Phobia of losing a loved one

First, it’s worth understanding what is meant by loss. If we are talking about loss, as parting, it means one of the types of social phobia - fear of loneliness. And only you yourself can understand how to get rid of the fear of loneliness, because this is, first of all, your choice, when a person realizes this, it becomes easier. If a person is terrified of the death of a loved one, then it is worth talking about one of the vital fears - thanatophobia. To understand the characteristics of a phobia, it is worth considering them separately.

Fear of losing loved ones through separation


It’s worth starting with what social phobia is and why the fear of losing someone is a phobia. After all, this is an intense experience.

Social phobia is a strong, persistent and seemingly unreasonable fear and anxiety of uncomfortable situations in society.
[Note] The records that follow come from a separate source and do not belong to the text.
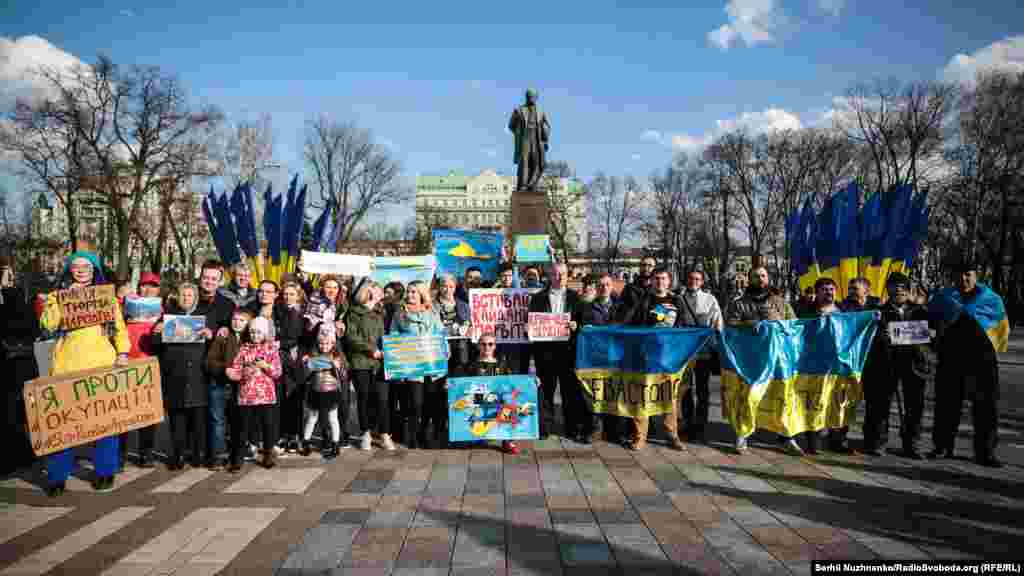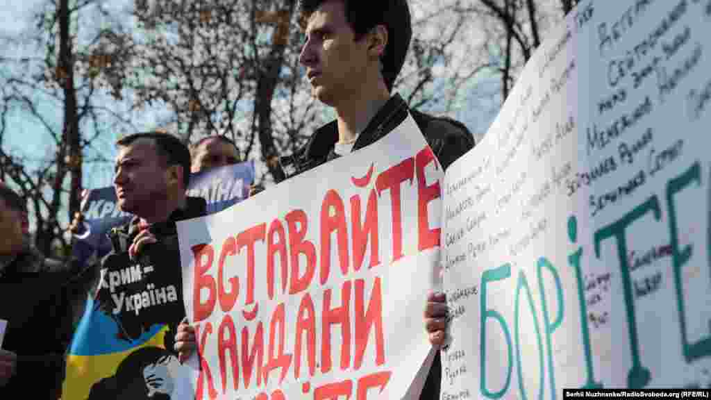 У Києві в парку імені Тараса Шевченка відбулася акція солідарності з кримчанами. Організатори заходу повідомляли, що виходять на акцію 9 березня, бо щороку в день народження українського поета Шевченка «кримчани демонструють свою солідарність і підтримку незалежної України, ризикуючи потрапити під прес репресивної машини».
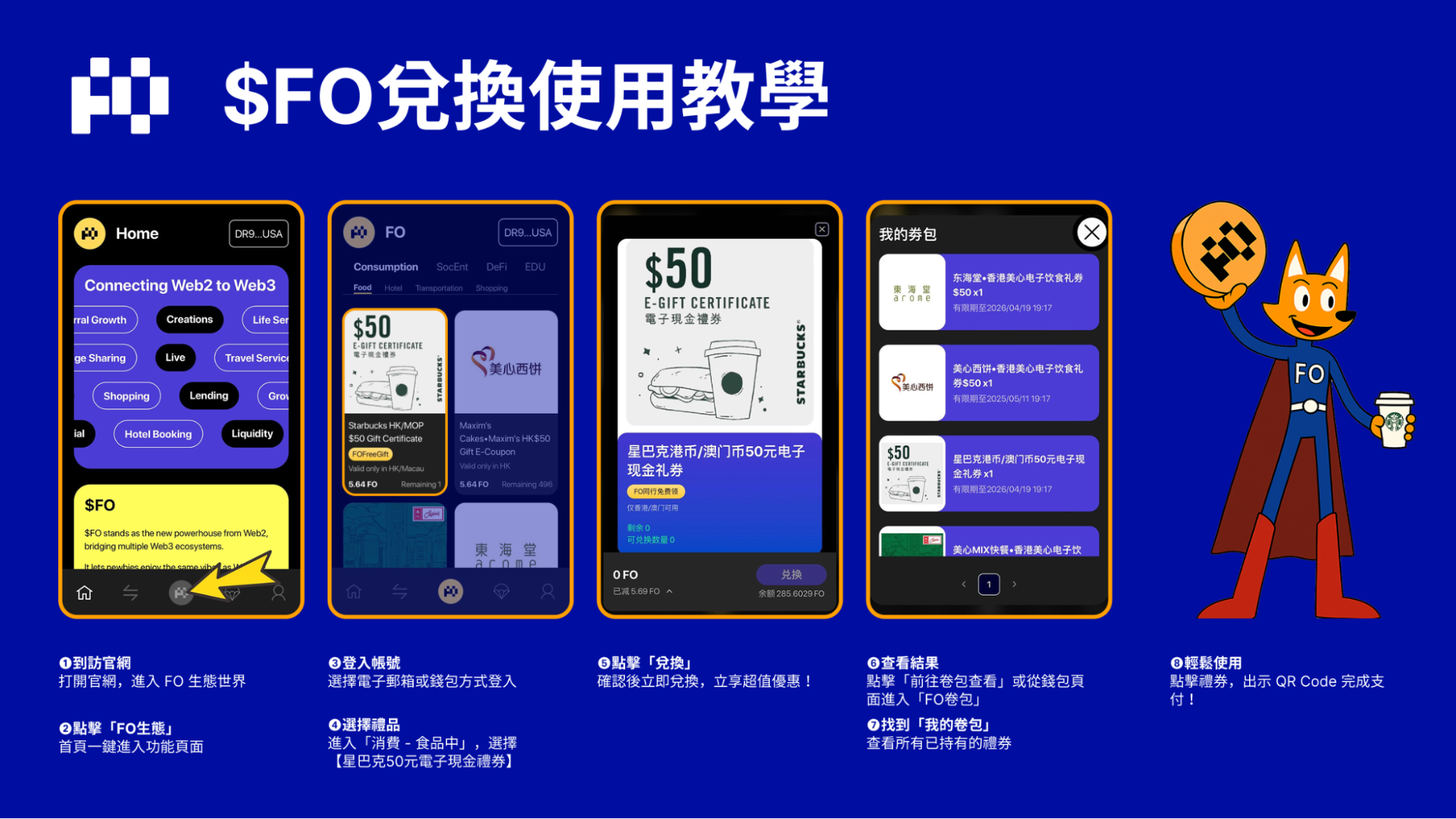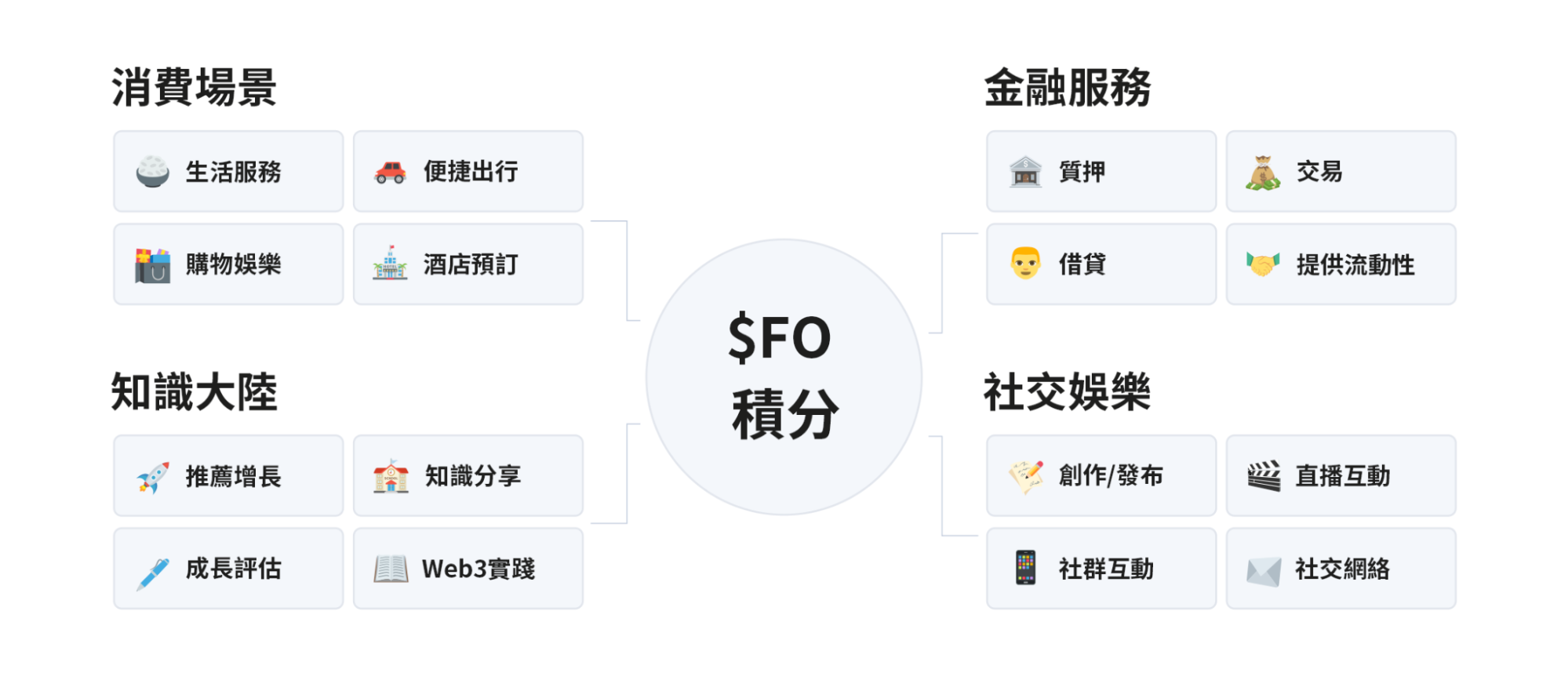 - Tiêu thụ: Trong tương lai, người dùng FO-X sẽ có thể sử dụng $FO để mua nhu yếu phẩm hàng ngày, gọi taxi, đặt nhà hàng, v.v.
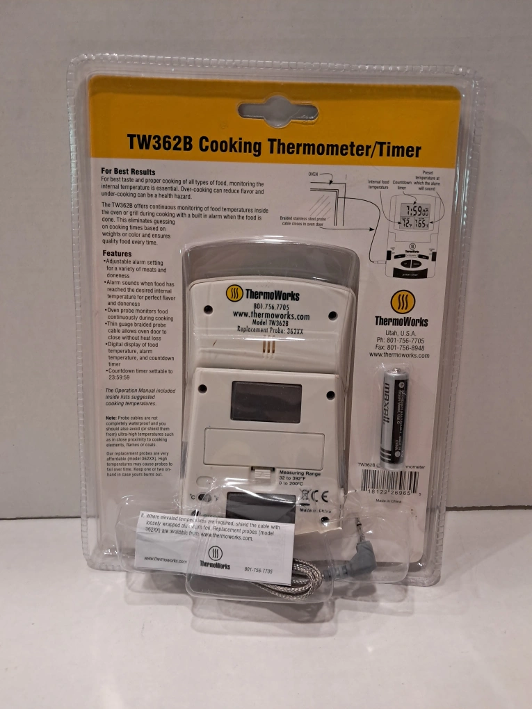 New ThermoWorks TW362B cooking thermometer and timer. Features adjustable temperature alarm, countdown timer, and continuous temperature monitoring.
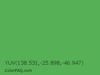 YUV 138.531,-25.898,-46.947 Color is a normal green color and the nearest color is Fruit Salad #4f9d5d. Hex code #55b056 and RGB value is rgb(85,176,86). In RGB color space, this color is composed of 33% red, 69% green, 34% blue, In CMYK color space, this color is composed of 52% cyan, 0% magenta, 51% yellow , 31% black , In HSL color space, this color has a hue angle of 121° , 37% saturation and 51% lightness.
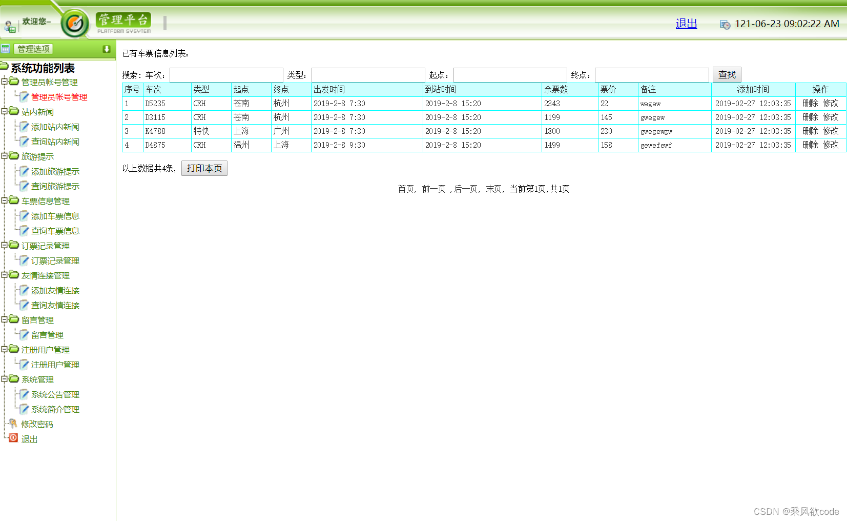 毕设云-基于php的火车票预定管理系统-管理员查看车次

For example, fear of condemnation, loneliness, public speaking.

Fear of separation from a loved one can be considered a phobia if the following symptoms are present:

  • fear of being judged by others in response to loneliness, fear of being left alone after breaking up;
  • intense fear that is not accompanied by the current situation;
  • when thinking about parting with a loved one, increased heartbeat, shortness of breath, tremors, sweating of the palms begin;
  • fear does not pass under the influence of rational arguments, evidence, facts;
  • inappropriate behavior when there is a discrepancy in views, strong emotional reactions even to short-term separations.

The reasons for such a person’s phobia may be the following:

  1. Observation of severe depression after separation of loved ones (for example, parental divorce).
  2. Experience of an extremely painful separation with serious consequences (experience of illness, suicide attempts, severe depression).
  3. Intense sensitivity, suspiciousness, difficulties with trust and separation trauma.

This phobia responds well to treatment through attachment therapy and the search for emotional dependence.

Fear of death of a loved one


A much more severe loss in fact is the death of a loved one. However, it is not experienced much more severely than the previous version. A phobia is a phobia.

Usually, if there is no phobic disorder, grief trauma is experienced according to a well-known pattern:

  1. Shock is the first reaction, a reaction of lack of contact with the brutal truth.
  2. Denial is a fact before the eyes, but the brain cannot accept it.
  3. Aggression is righteous anger at cruel reality and everyone6 who is in it.
  4. Trading is an attempt to “negotiate with death,” a desperate desire to change everything at any cost.
  5. Depression - This is an awareness of reality and the cessation of trying not to feel pain and change something.
  6. Acceptance is the renewal of the moral resource for life, taking into account the experience of grief.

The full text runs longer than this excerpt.